Мужественный и женственный элемент! От одного замечательного русского ученого слышал я замечание, что сочетание полов под разными видами и именованиями проходит по всему мирозданию: не только в животном и растительном царстве, но и в химических процессах и механическом движении светил формула все та же одна везде, говорил он, поясняя этот закон опытами и математическими выкладками. Глубоко мне врезалось это замечание; полное развитие его в научном изложении должно бы составить эпоху и поставить нашего ученого в ряд с Секки, если не выше. Но не в том дело. С кем я ни соприкасался в жизни, везде со мною оставалась женственная, пассивная роль. Я занимал кафедру и пользовался редким вниманием слушателей; я увлекал; затаив дыхание, мне внимали. (Надеюсь, бывшие слушатели мои не отвергнут этого и не уличат в неосновательном самохвальстве). Но я не породил и не воспитал учеников. На каких дальнейших поприщах я ни стоял, никогда, почти никогда не давалось мне руководительство, на которое, впрочем, никогда не хватало у меня и дерзновения. Препятствия не останавливали моей деятельности, но вгоняли внутрь. Чем порождена не отступавшая ни на минуту гамлетовщина, недоверие к своей силе, сомнение в своем нравственном праве, вечное опасение переступить предел чужой свободы? Не бесплодно ли после того, может быть, и пройдена жизнь?
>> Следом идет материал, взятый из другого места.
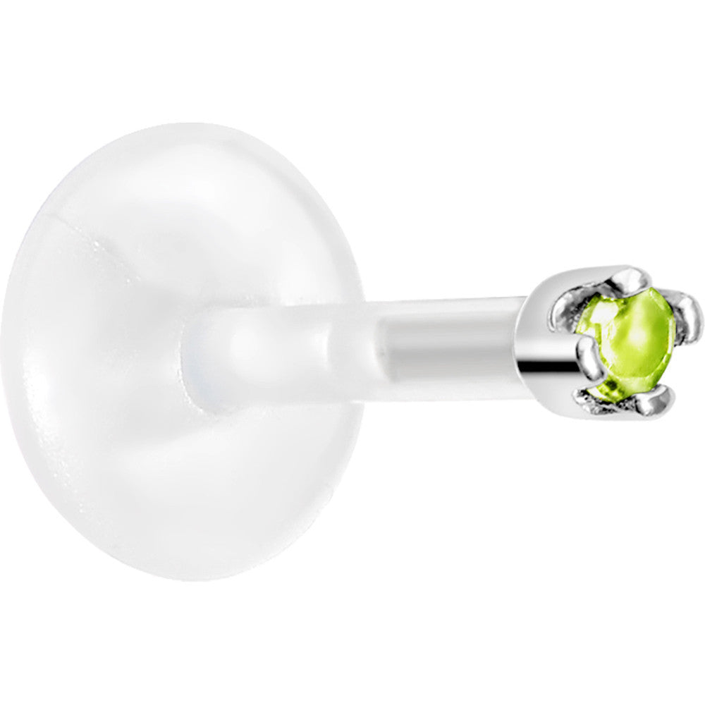 16 gauge birthstone cartilage jewelry with a 6mm barbell. This helix stud earring features a dazzling 1.5mm CZ in a prong setting with a comfortable Bioplast shaft. Quality solid gold body piercing jewelry.

Были у меня и еще товарищи, наиболее близкие, наиболее родственные по духу. Нас было трое, об этом сказал я выше. Но та близость была другого строя, не семинарская, и сошлись мы, строго говоря, не в Семинарии. Богословский класс послужил только началом, хотя с одним из троих, В. М. Сперанским, началось знакомство еще с Риторики, и сидел он в том же втором отделении Риторического класса, что и я. Его уже и нет теперь на свете, и его высокий, чистый образ заслуживал бы подробного изложения в особенном обстоятельном очерке. Дойдет ли, однако, до него когда-нибудь перо в этих набросках?

Глава XLIV

СОСТАВ УЧАЩИХСЯ

Лавров, Перервенец, Остроумов, Николай Алексеевич — это не все типы семинаристов моего времени. Остроумов даже не тип, он случайность. У каждого из поименованных была своя особенность, выдвигавшая его туда или сюда. Большинство было безличнее: вели себя исправно, неупустительно посещали классы, держали в порядке тетрадки, учили уроки, подавали письменные упражнения, вдаль не заносились. Перейдя в Богословский класс, подумывали о местах. К чести московских семинаристов, водка не считалась поэзией жизни, как в других семинариях. Бурсацкая удаль Перервенца, граничащая с развратом в одну сторону, мошенничеством в другую, шла от закрытого училища, в котором он получил воспитание, и от сиротства, которое оставило его без добрых примеров. Главный контингент семинаристов, если не по числу, то по весу, растворен был в обществе, сидел корнями в семье. Нравственная воспитательная сила сосредоточивалась в священнослужительском мире, и притом столичном. Поповичи задавали тон, приучали к благопристойности, в которой дома воспитаны, и к чувству нравственного достоинства. Повествование о грязных похождениях, которые в других семинариях составили бы эпопею, здесь или не находило слушателей, или выслушивалось с пренебрежительным смехом, каким награждают паяцев. Небольшой кружок собирался около рассказчика, да и тот состоял из отребья: знаменательная черта, которую не мешает иметь в виду при рассуждениях о сравнительном достоинстве закрытого и открытого воспитания, именно в духовно-учебных заведениях! Важен факт не сам по себе, закрытое или открытое заведение; важно то, каков дух в нем, откуда он идет и чем питается. Московская семинария отличалась среди всех духом порядочности и относительного благородства. Разумею все семинарии великороссийские и малороссийские, не исключая Петербургской; петербургское столичное духовенство малочисленнее московского и от себя мало вливало в семинарию, распихивая детей более по другим заведениям. О семинариях Западного края не говорю: сколько видел я тамошних воспитанников, они более всех приближались к московским и менее прочих носили бурсацкую печать.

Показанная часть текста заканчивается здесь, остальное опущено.